These findings raise critical questions concerning widely accepted interpretations of Native American population decline that attribute the decline to external forces without exploring in depth the consequences of the manifold courses of action followed by Indians themselves. A premeditated intention to capture enemies for adoption was seldom (if ever) the primary motivation for Comanche raids, which were fundamentally aimed at obtaining horses.
I further argue that Comanches primarily seized captives to use them as laborers. Hence, rather than compensating Comanche population decline, as is often assumed, those expeditions brought about a net population loss. The ethnonym Comanche probably derives from the Ute word komantsia 'anyone who wants to fight me all the time.'Their name for themselves is Nemene, or 'Our People.'.
The Comanches in these groups could speak Spanish, French, and four or five Indian languages at any given time.

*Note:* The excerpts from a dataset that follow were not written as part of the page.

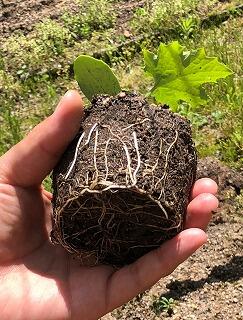 土の中に根(ね)が見えますね。土の中ではこんなにも根が広がっているんですね。
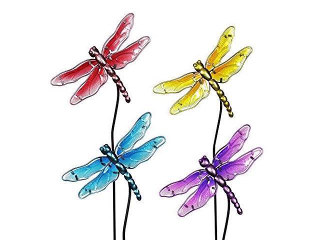 Exhart Colorful Dragonfly Decorations Durable Glass Dragonfly Garden Stakes Garden Stake Set Red Yellow Turquoise Purple Dragonfly Decor For Garden Yard 8 25 L X 1 25 W X 26 H Newegg Com
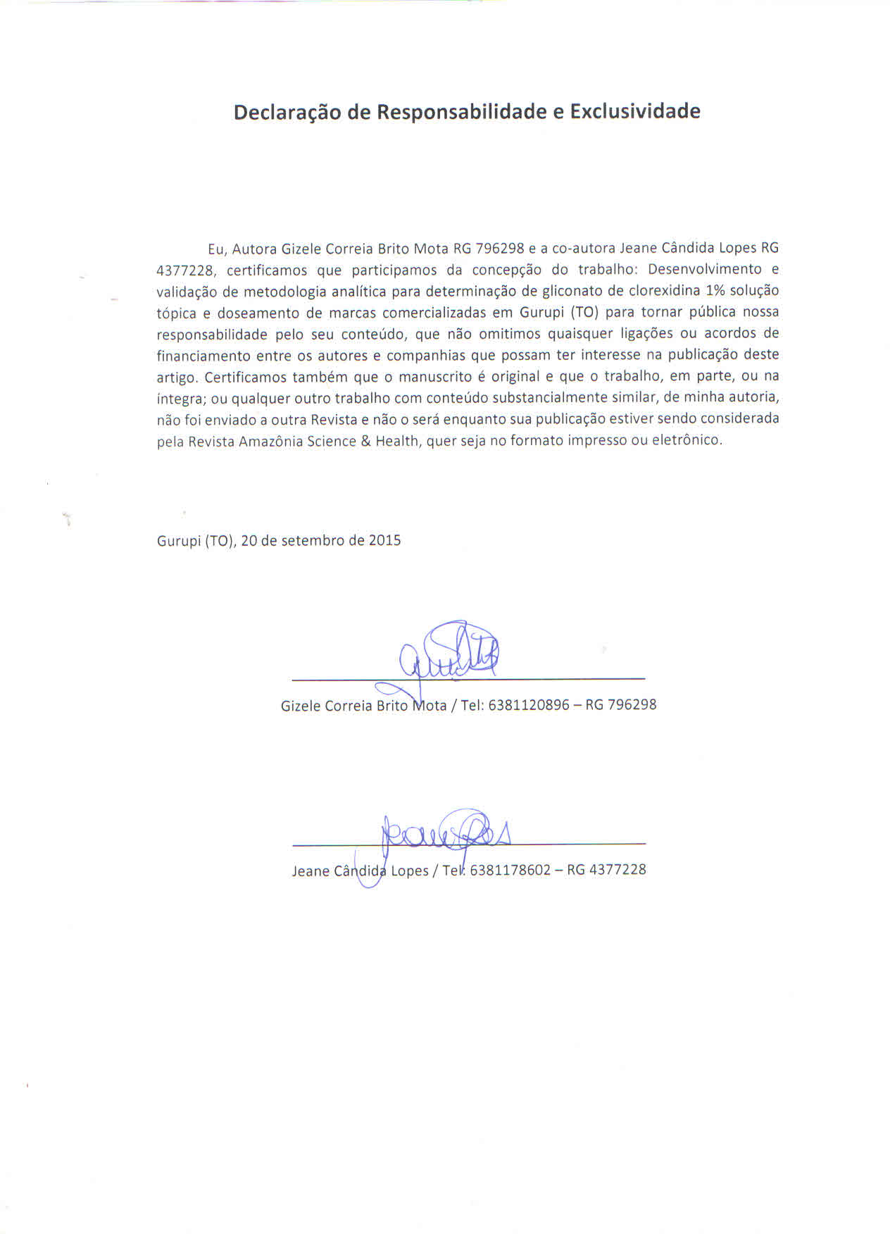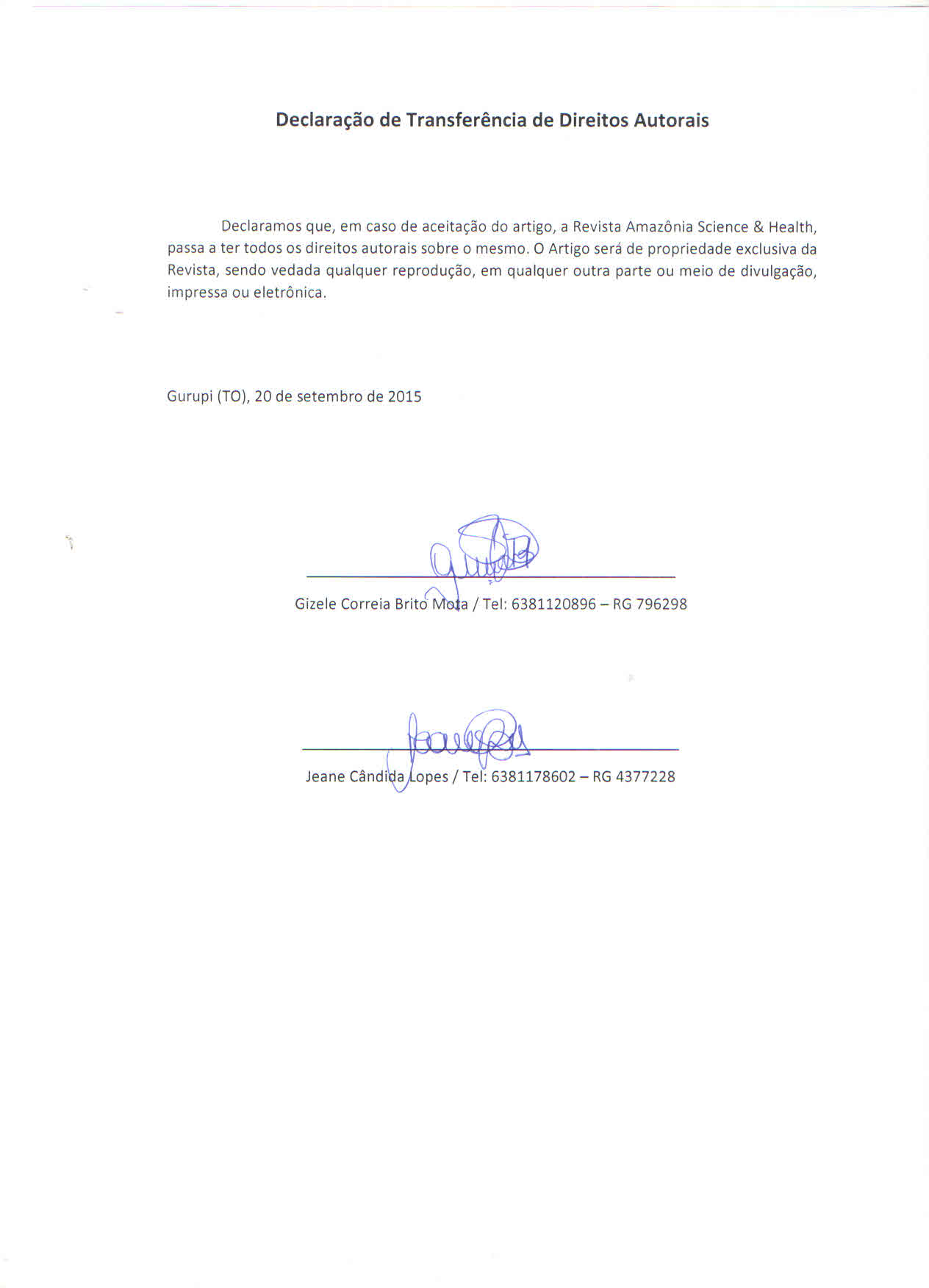 - 1º Os autores cedem à Revista Amazônia: Science & Health os direitos autorais no momento em que submetem seus artigos à mesma. Os autores declaram que o artigo submetido não foi publicado, e não está sendo considerado para publicação, na íntegra ou em parte em outro periódico. Os autores assumem total responsabilidade pela originalidade do artigo, podendo incidir sobre os mesmos, eventuais encargos decorrentes de reivindicação, por parte de terceiros, em relação à autoria do artigo.

Comanches were more than just warriors, they were also a lot more than that. In this study I contend that Comanche looting expeditions, including raids in which captives were taken, resulted in Comanche deaths outnumbering the captives who were eventually assimilated. The Comanches were the first Native people to adopt the classic horse-mounted lifestyle of the Plains. Comanches are one of the most important Indian cultures in Texas, and they have been around for thousands of years. It has often been argued that the widespread Native American practice of capturing and adopting outsiders served, for some indigenous groups, as a way to recover from Euro-American–induced population decline.